Required action → Each line below should be repeated exactly as written, with no pictures carried over.

(Information supplied begins)

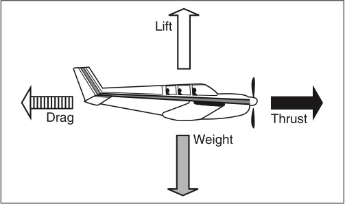 Four aerodynamic forces are considered to be basic because they act upon an aircraft during all flight maneuvers: there is the downward-acting force called weight which must be overcome by the upward-acting force called lift; and there is the rearward-acting force called drag, which must be overcome by the forward-acting force called thrust. See Figure 1-11.
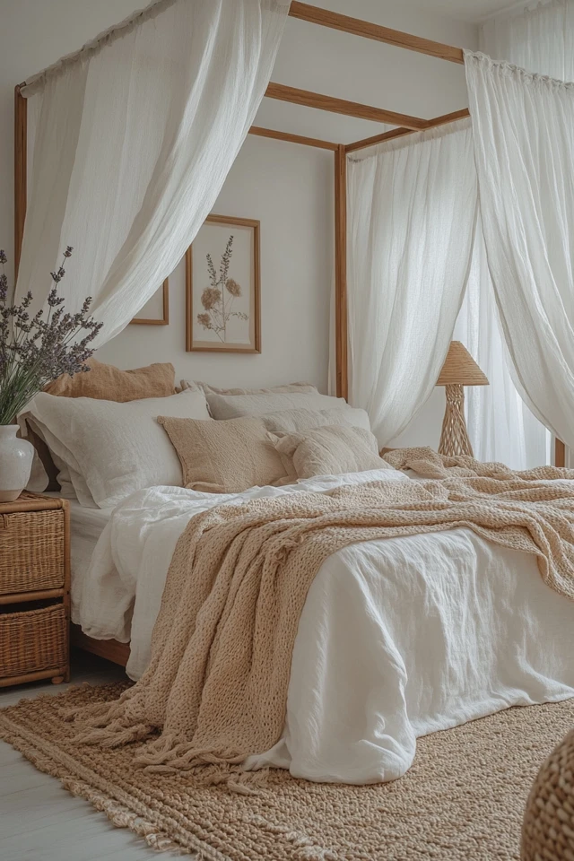- Add a rattan or wood headboard for an earthy touch.
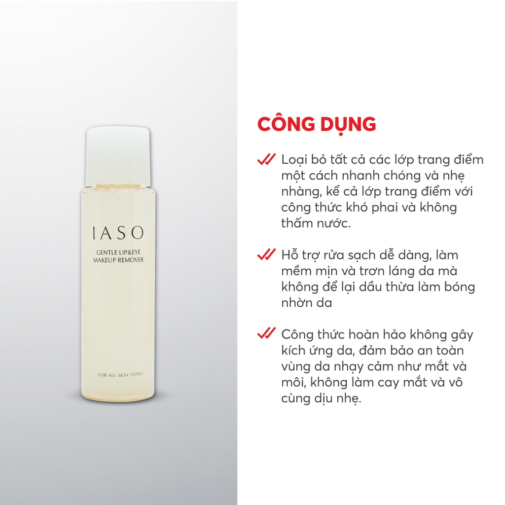I42 Nước tẩy trang mắt và môi Gentle Lip & Eye Make Up Remover - IASO

(Information supplied ends)

Written response →
 Four aerodynamic forces are considered to be basic because they act upon an aircraft during all flight maneuvers: there is the downward-acting force called weight which must be overcome by the upward-acting force called lift; and there is the rearward-acting force called drag, which must be overcome by the forward-acting force called thrust. See Figure 1-11.
- Add a rattan or wood headboard for an earthy touch.
I42 Nước tẩy trang mắt và môi Gentle Lip & Eye Make Up Remover - IASO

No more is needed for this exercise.